*** Block opens ***

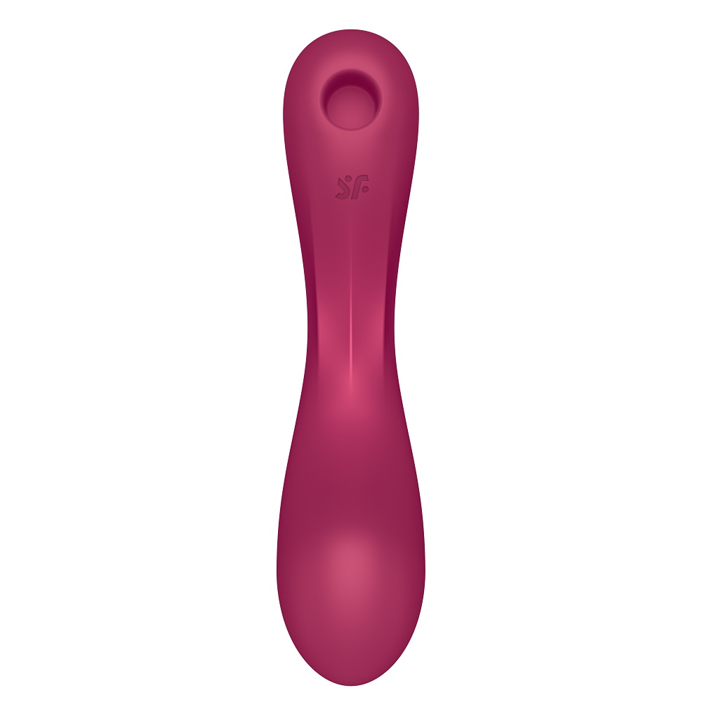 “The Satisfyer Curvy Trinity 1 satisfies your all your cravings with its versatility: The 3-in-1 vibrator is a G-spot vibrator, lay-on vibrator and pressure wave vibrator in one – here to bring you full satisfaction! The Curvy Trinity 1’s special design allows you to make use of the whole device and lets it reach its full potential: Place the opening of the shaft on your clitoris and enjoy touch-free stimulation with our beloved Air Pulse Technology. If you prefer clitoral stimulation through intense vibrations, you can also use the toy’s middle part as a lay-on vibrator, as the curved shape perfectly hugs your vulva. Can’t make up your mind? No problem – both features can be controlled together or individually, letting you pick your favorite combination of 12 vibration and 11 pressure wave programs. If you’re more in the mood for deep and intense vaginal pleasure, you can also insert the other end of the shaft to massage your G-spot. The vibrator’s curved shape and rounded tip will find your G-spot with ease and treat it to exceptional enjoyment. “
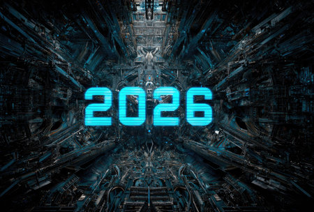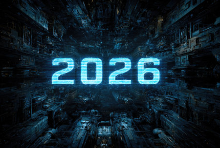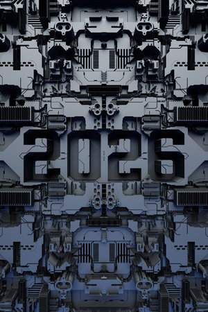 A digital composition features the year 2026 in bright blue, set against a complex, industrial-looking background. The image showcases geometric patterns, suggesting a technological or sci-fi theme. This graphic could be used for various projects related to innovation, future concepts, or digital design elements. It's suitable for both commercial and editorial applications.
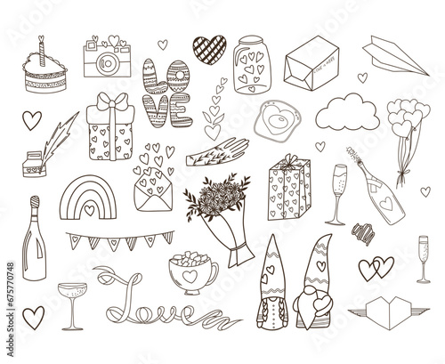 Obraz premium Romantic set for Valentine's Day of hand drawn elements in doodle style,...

*** Block closes ***

What you have to do: Repeat each line of the material exactly, please, and skip every picture.

Written solution:
 “The Satisfyer Curvy Trinity 1 satisfies your all your cravings with its versatility: The 3-in-1 vibrator is a G-spot vibrator, lay-on vibrator and pressure wave vibrator in one – here to bring you full satisfaction! The Curvy Trinity 1’s special design allows you to make use of the whole device and lets it reach its full potential: Place the opening of the shaft on your clitoris and enjoy touch-free stimulation with our beloved Air Pulse Technology. If you prefer clitoral stimulation through intense vibrations, you can also use the toy’s middle part as a lay-on vibrator, as the curved shape perfectly hugs your vulva. Can’t make up your mind? No problem – both features can be controlled together or individually, letting you pick your favorite combination of 12 vibration and 11 pressure wave programs. If you’re more in the mood for deep and intense vaginal pleasure, you can also insert the other end of the shaft to massage your G-spot. The vibrator’s curved shape and rounded tip will find your G-spot with ease and treat it to exceptional enjoyment. “
 A digital composition features the year 2026 in bright blue, set against a complex, industrial-looking background. The image showcases geometric patterns, suggesting a technological or sci-fi theme. This graphic could be used for various projects related to innovation, future concepts, or digital design elements. It's suitable for both commercial and editorial applications.
 Obraz premium Romantic set for Valentine's Day of hand drawn elements in doodle style,...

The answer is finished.